**Problem to work on:**
Exact transcription, pictures omitted: reproduce the listing below.

**Provided data:**
# # # # #

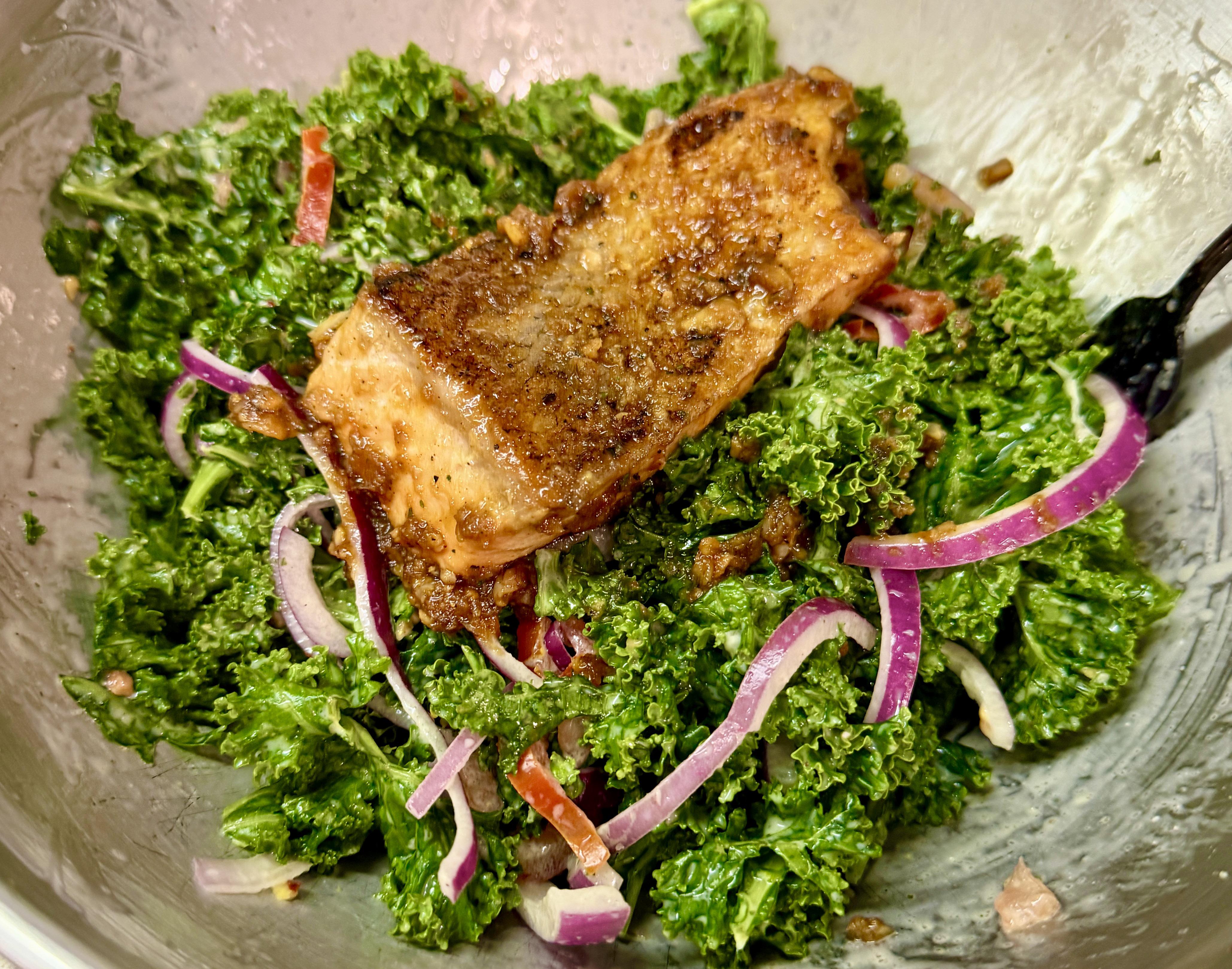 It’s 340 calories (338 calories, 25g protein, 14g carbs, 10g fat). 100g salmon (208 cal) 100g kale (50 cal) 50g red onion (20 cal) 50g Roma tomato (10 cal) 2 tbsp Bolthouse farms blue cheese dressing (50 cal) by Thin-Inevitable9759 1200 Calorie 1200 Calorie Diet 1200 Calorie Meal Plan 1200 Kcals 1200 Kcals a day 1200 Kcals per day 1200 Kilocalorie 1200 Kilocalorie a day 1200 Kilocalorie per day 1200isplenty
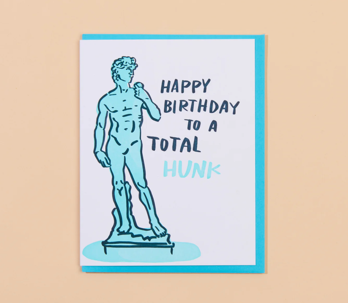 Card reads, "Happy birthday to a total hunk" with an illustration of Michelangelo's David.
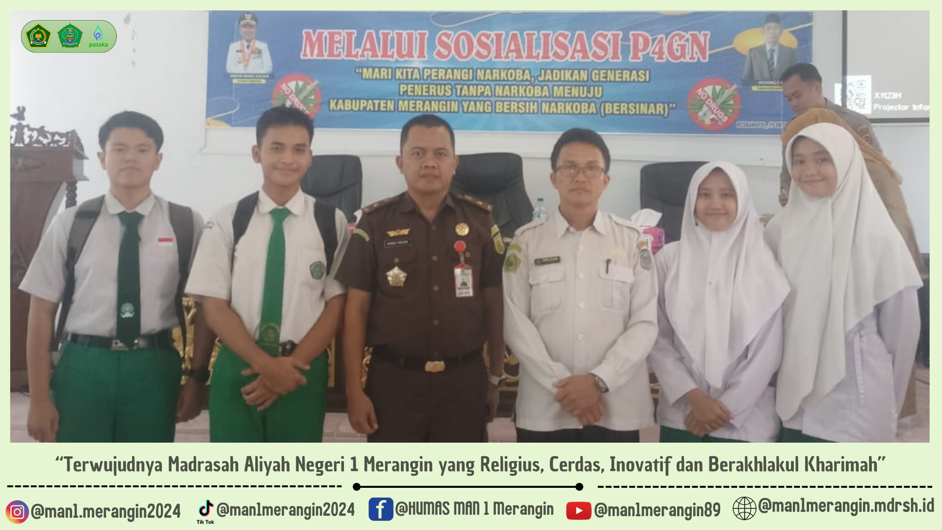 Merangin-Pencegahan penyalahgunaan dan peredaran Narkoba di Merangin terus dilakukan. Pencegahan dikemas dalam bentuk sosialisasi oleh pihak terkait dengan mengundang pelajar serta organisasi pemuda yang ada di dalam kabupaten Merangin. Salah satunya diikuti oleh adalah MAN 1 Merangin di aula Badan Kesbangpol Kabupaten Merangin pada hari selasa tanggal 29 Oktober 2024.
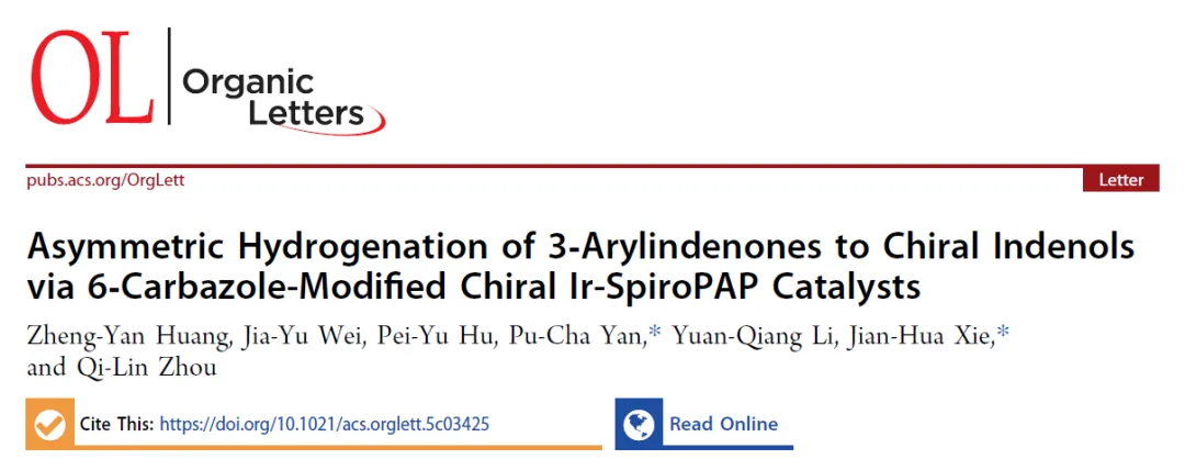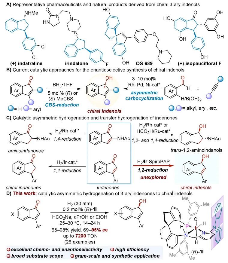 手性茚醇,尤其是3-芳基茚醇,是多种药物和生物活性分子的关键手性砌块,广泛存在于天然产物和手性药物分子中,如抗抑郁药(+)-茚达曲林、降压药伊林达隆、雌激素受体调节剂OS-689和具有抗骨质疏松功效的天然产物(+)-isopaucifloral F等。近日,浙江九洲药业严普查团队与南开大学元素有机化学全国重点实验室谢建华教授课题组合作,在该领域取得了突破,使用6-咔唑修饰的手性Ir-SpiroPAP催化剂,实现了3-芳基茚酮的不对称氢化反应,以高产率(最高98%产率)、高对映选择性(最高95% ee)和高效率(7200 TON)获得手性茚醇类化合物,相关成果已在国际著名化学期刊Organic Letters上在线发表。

# # # # #

**Your response:**
 It’s 340 calories (338 calories, 25g protein, 14g carbs, 10g fat). 100g salmon (208 cal) 100g kale (50 cal) 50g red onion (20 cal) 50g Roma tomato (10 cal) 2 tbsp Bolthouse farms blue cheese dressing (50 cal) by Thin-Inevitable9759 1200 Calorie 1200 Calorie Diet 1200 Calorie Meal Plan 1200 Kcals 1200 Kcals a day 1200 Kcals per day 1200 Kilocalorie 1200 Kilocalorie a day 1200 Kilocalorie per day 1200isplenty
 Card reads, "Happy birthday to a total hunk" with an illustration of Michelangelo's David.
 Merangin-Pencegahan penyalahgunaan dan peredaran Narkoba di Merangin terus dilakukan. Pencegahan dikemas dalam bentuk sosialisasi oleh pihak terkait dengan mengundang pelajar serta organisasi pemuda yang ada di dalam kabupaten Merangin. Salah satunya diikuti oleh adalah MAN 1 Merangin di aula Badan Kesbangpol Kabupaten Merangin pada hari selasa tanggal 29 Oktober 2024.
 手性茚醇,尤其是3-芳基茚醇,是多种药物和生物活性分子的关键手性砌块,广泛存在于天然产物和手性药物分子中,如抗抑郁药(+)-茚达曲林、降压药伊林达隆、雌激素受体调节剂OS-689和具有抗骨质疏松功效的天然产物(+)-isopaucifloral F等。近日,浙江九洲药业严普查团队与南开大学元素有机化学全国重点实验室谢建华教授课题组合作,在该领域取得了突破,使用6-咔唑修饰的手性Ir-SpiroPAP催化剂,实现了3-芳基茚酮的不对称氢化反应,以高产率(最高98%产率)、高对映选择性(最高95% ee)和高效率(7200 TON)获得手性茚醇类化合物,相关成果已在国际著名化学期刊Organic Letters上在线发表。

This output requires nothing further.